(Given data Opens)
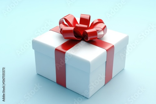 Obraz premium A pristine white gift box adorned with a vibrant red ribbon and bow resting on a soft blue surface
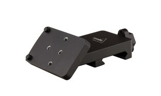 Montura permite atașarea colimatorului la un unghi de 45° lângă optica principală — ideală pentru situațiile în care aveți nevoie de o tranziție rapidă la ținte pe distanțe scurte. Axa principală rămâne intactă, adăugând optică laterală fără a interveni în vizorul principal.
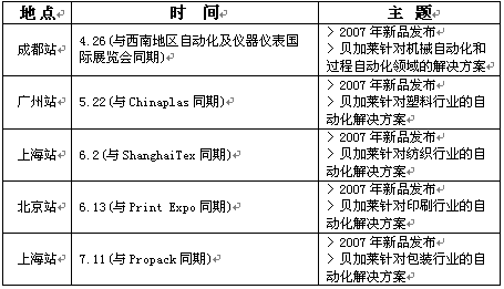 成都站結束後,貝加萊還會陸續在廣州、北京、上海三地舉行巡展。安排預覽如下:
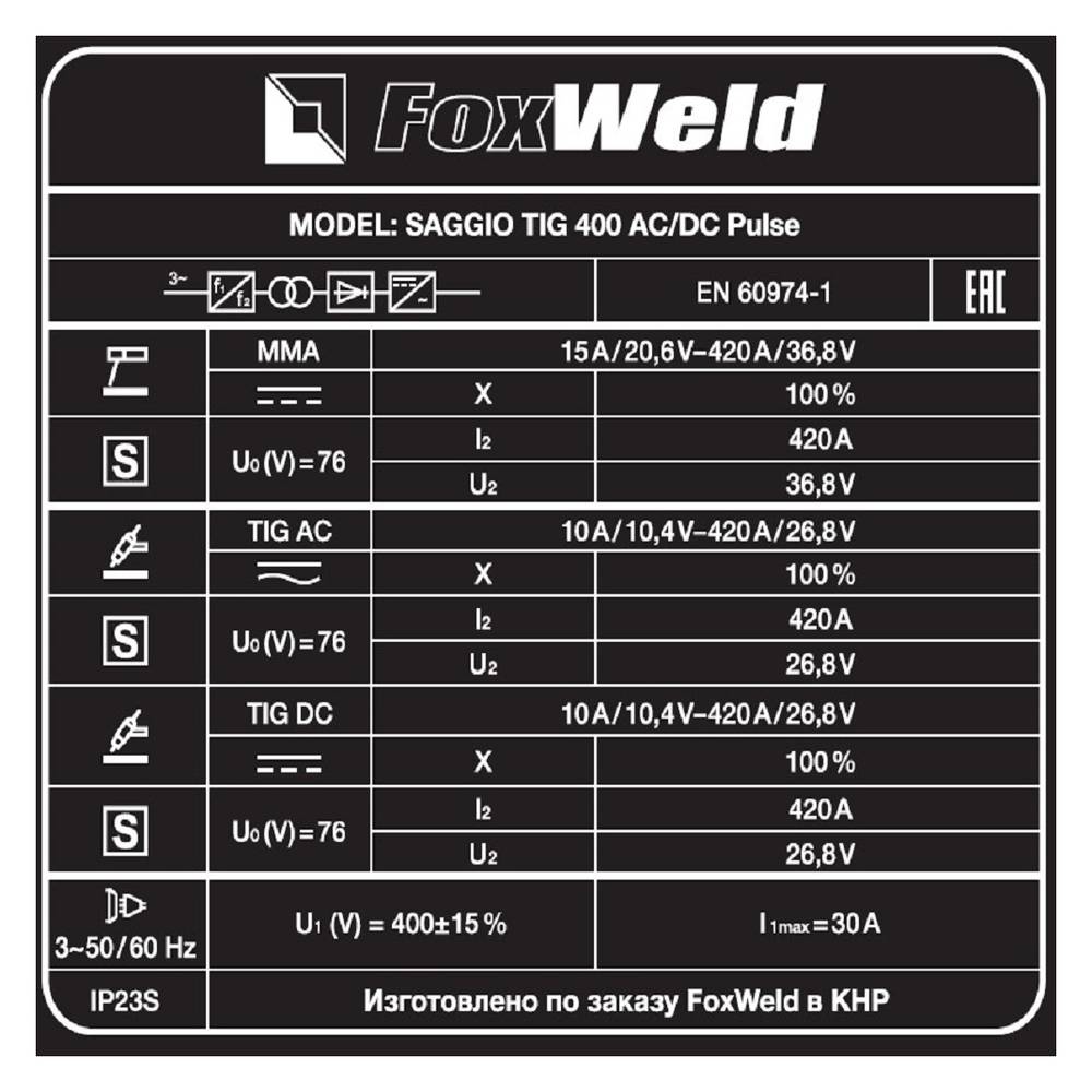 Сварочный аппарат аргонодуговой сварки FOXWELD SAGGIO TIG 400 AC/DC PULSE – это промышленная флагманская установка серии SAGGIO для аргонодуговой сварки TIG. Аппарат предназначен для работы как на постоянном (сварка сталей, меди, титана), так и на переменном токе (сплавы алюминия, магния, медные сплавы больших толщин, где требуется удаление окислов со свариваемой поверхности), в импульсном режиме и без него. Импульсный режим идеально подойдёт для сварки тонких металлов, особенно алюминия. 2 цифровых дисплея на панели управления и циклограмма рабочего процесса отображают параметры сварки в реальном времени. Максимальный сварочный ток в 420 ампер в любом режиме сварки, ПВ (продолжительность включения) 100% на максимальном токе, 2 мощные ручки на корпусе, платформа на колёсах, установочное место для баллона с газом, возможность подключения пульта или педали дистанционного управления сварочным током – в установке есть всё необходимое для крупных промышленных производств и строительства.
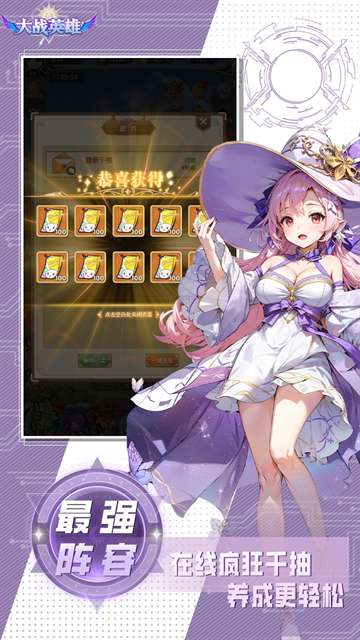 大战英雄是一款以二次元美学为核心的竖屏卡牌放置手游,以Q版日系画风构建了一个由火、水、木、光、暗五大元素阵营交织的奇幻世界。在这里,玩家将化身“元素使徒”,招募上百位性格迥异的美少女英雄,从元气满满的火系少女到高冷神秘的光暗双生体,每位角色均拥有专属技能与动态立绘。游戏背景设定于“灵界裂隙”开启后的混沌时代,玩家需率领英雄小队对抗从异次元入侵的恶灵少女军团,在拯救世界的冒险中解锁隐藏剧情,揭开五行阵营背后的千年秘辛。
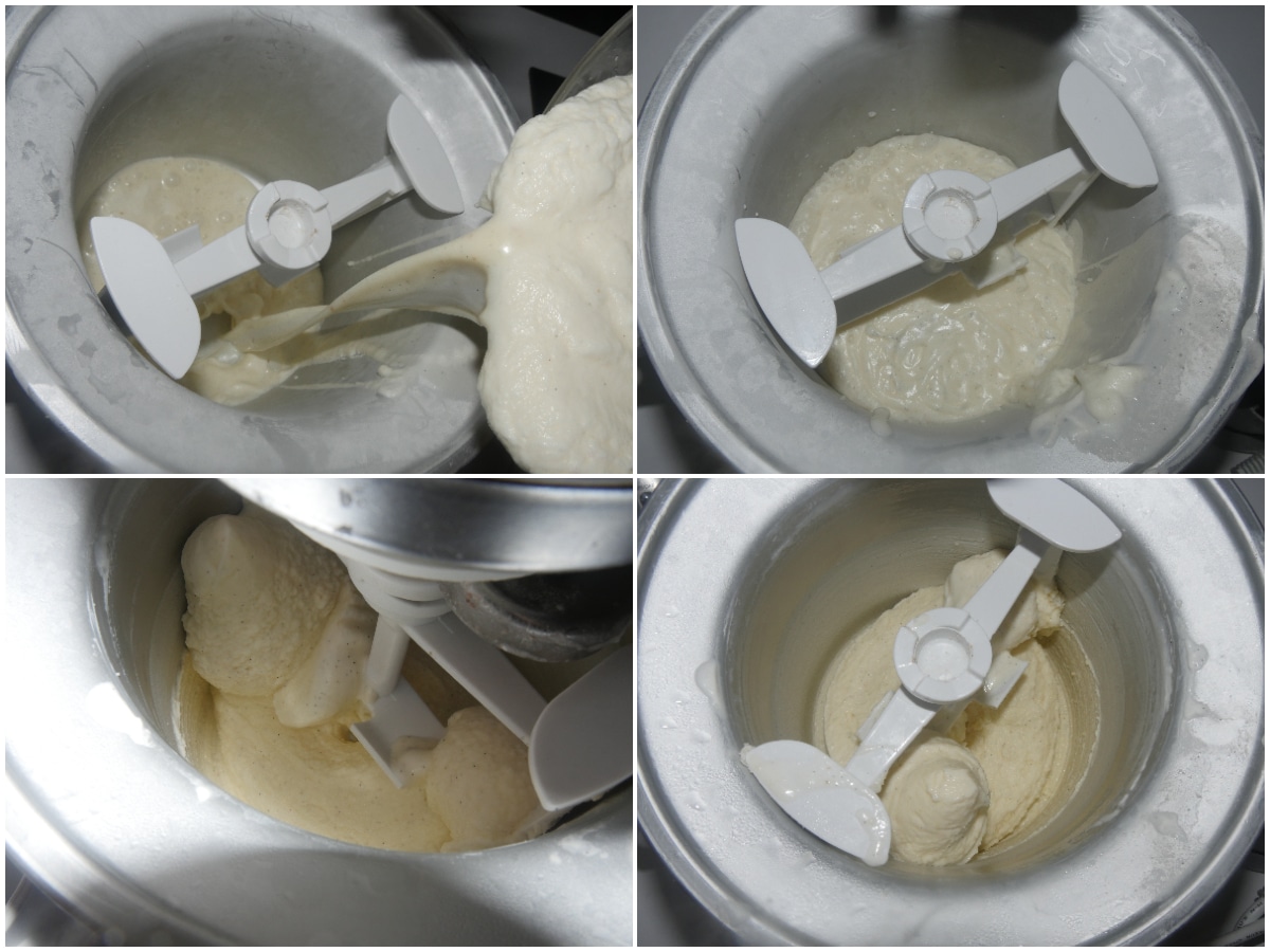Versate ora il composto ormai freddo ella vostra gelatiera ed impostatela come da manuale. Con la mia gelatiera ho impostato velocità 1 e ho mantecato per 30 minuti.
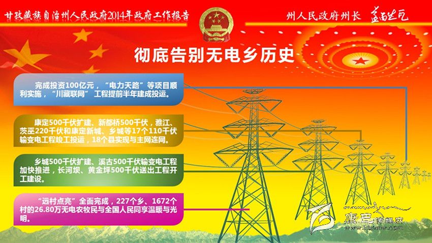 大力推進(jìn)電力通信建設(shè)。投入20億元,加快實(shí)施“電力天路”、無電地區(qū)電力建設(shè)新增項(xiàng)目和農(nóng)網(wǎng)改造升級工程,切實(shí)緩解邊遠(yuǎn)地區(qū)群眾缺電問題;完成長河壩電站500千伏等3個輸變電項(xiàng)目;統(tǒng)籌抓好表后入戶工程,確保群眾安全用電。投入6億元,新建通信光纜2360公里、基站1025個,解決國省干道、旅游景區(qū)景點(diǎn)信號盲區(qū);新增30個自然村通電話、545個行政村通寬帶,出口總帶寬達(dá)到82G。
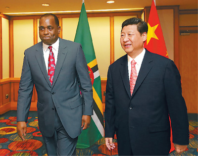 在会见斯凯里特时,习近平指出,多米尼克是中国的好朋友、好伙伴,两国在民生等领域开展了有益合作。双方要继续开展农业、医疗等领域技术转让和经验共享,做实做细经济技术合作,探索开发清洁能源,共同应对气候变化,扩大人员往来,加强人力资源培训合作。
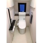 スタイリッシュなフォルムで節水タイプの温水洗浄便座をご提案させていただきました。リモコンは壁付けのタイプで、使いやすく見た目もスッキリです。 また、トイレからの立ち上がる動作をサポートする「手すり」の設置も、ご提案させていただきました。ちょっとしたことですが、あるととてもラクだとのお声をいただいています。
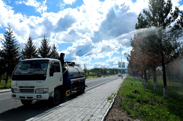 阿木爾林業(yè)局病防站利用噴霧車對樟子松綠化樹木進(jìn)行病蟲害防治(王力 攝)
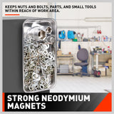 STRONG MAGNETIC BASE – Built with powerful neodymium magnets that securely hold metal parts, even when mounted upside down or vertically on toolboxes and workbenches.
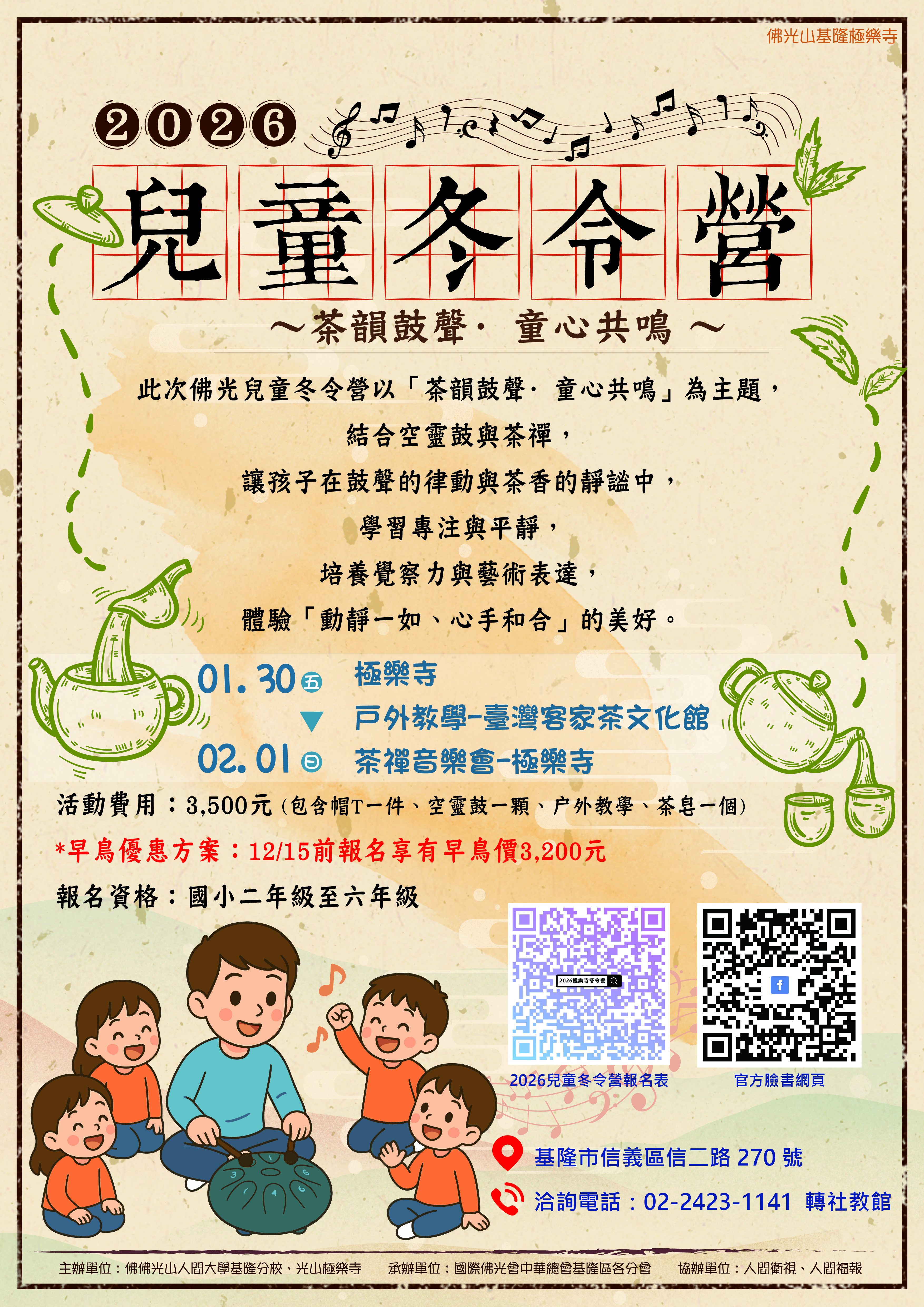 活動訊息:【極樂寺】兒童冬令營 ~ 「茶韻鼓聲·童心共鳴」
(Given data Closes)
What the records say must be written out exactly, with none of their pictures.

§ **Solution to this problem**
 Obraz premium A pristine white gift box adorned with a vibrant red ribbon and bow resting on a soft blue surface
 Montura permite atașarea colimatorului la un unghi de 45° lângă optica principală — ideală pentru situațiile în care aveți nevoie de o tranziție rapidă la ținte pe distanțe scurte. Axa principală rămâne intactă, adăugând optică laterală fără a interveni în vizorul principal.
 成都站結束後,貝加萊還會陸續在廣州、北京、上海三地舉行巡展。安排預覽如下:
 Сварочный аппарат аргонодуговой сварки FOXWELD SAGGIO TIG 400 AC/DC PULSE – это промышленная флагманская установка серии SAGGIO для аргонодуговой сварки TIG. Аппарат предназначен для работы как на постоянном (сварка сталей, меди, титана), так и на переменном токе (сплавы алюминия, магния, медные сплавы больших толщин, где требуется удаление окислов со свариваемой поверхности), в импульсном режиме и без него. Импульсный режим идеально подойдёт для сварки тонких металлов, особенно алюминия. 2 цифровых дисплея на панели управления и циклограмма рабочего процесса отображают параметры сварки в реальном времени. Максимальный сварочный ток в 420 ампер в любом режиме сварки, ПВ (продолжительность включения) 100% на максимальном токе, 2 мощные ручки на корпусе, платформа на колёсах, установочное место для баллона с газом, возможность подключения пульта или педали дистанционного управления сварочным током – в установке есть всё необходимое для крупных промышленных производств и строительства.
 大战英雄是一款以二次元美学为核心的竖屏卡牌放置手游,以Q版日系画风构建了一个由火、水、木、光、暗五大元素阵营交织的奇幻世界。在这里,玩家将化身“元素使徒”,招募上百位性格迥异的美少女英雄,从元气满满的火系少女到高冷神秘的光暗双生体,每位角色均拥有专属技能与动态立绘。游戏背景设定于“灵界裂隙”开启后的混沌时代,玩家需率领英雄小队对抗从异次元入侵的恶灵少女军团,在拯救世界的冒险中解锁隐藏剧情,揭开五行阵营背后的千年秘辛。
Versate ora il composto ormai freddo ella vostra gelatiera ed impostatela come da manuale. Con la mia gelatiera ho impostato velocità 1 e ho mantecato per 30 minuti.
 大力推進(jìn)電力通信建設(shè)。投入20億元,加快實(shí)施“電力天路”、無電地區(qū)電力建設(shè)新增項(xiàng)目和農(nóng)網(wǎng)改造升級工程,切實(shí)緩解邊遠(yuǎn)地區(qū)群眾缺電問題;完成長河壩電站500千伏等3個輸變電項(xiàng)目;統(tǒng)籌抓好表后入戶工程,確保群眾安全用電。投入6億元,新建通信光纜2360公里、基站1025個,解決國省干道、旅游景區(qū)景點(diǎn)信號盲區(qū);新增30個自然村通電話、545個行政村通寬帶,出口總帶寬達(dá)到82G。
 在会见斯凯里特时,习近平指出,多米尼克是中国的好朋友、好伙伴,两国在民生等领域开展了有益合作。双方要继续开展农业、医疗等领域技术转让和经验共享,做实做细经济技术合作,探索开发清洁能源,共同应对气候变化,扩大人员往来,加强人力资源培训合作。
 スタイリッシュなフォルムで節水タイプの温水洗浄便座をご提案させていただきました。リモコンは壁付けのタイプで、使いやすく見た目もスッキリです。 また、トイレからの立ち上がる動作をサポートする「手すり」の設置も、ご提案させていただきました。ちょっとしたことですが、あるととてもラクだとのお声をいただいています。
 阿木爾林業(yè)局病防站利用噴霧車對樟子松綠化樹木進(jìn)行病蟲害防治(王力 攝)
 STRONG MAGNETIC BASE – Built with powerful neodymium magnets that securely hold metal parts, even when mounted upside down or vertically on toolboxes and workbenches.
 活動訊息:【極樂寺】兒童冬令營 ~ 「茶韻鼓聲·童心共鳴」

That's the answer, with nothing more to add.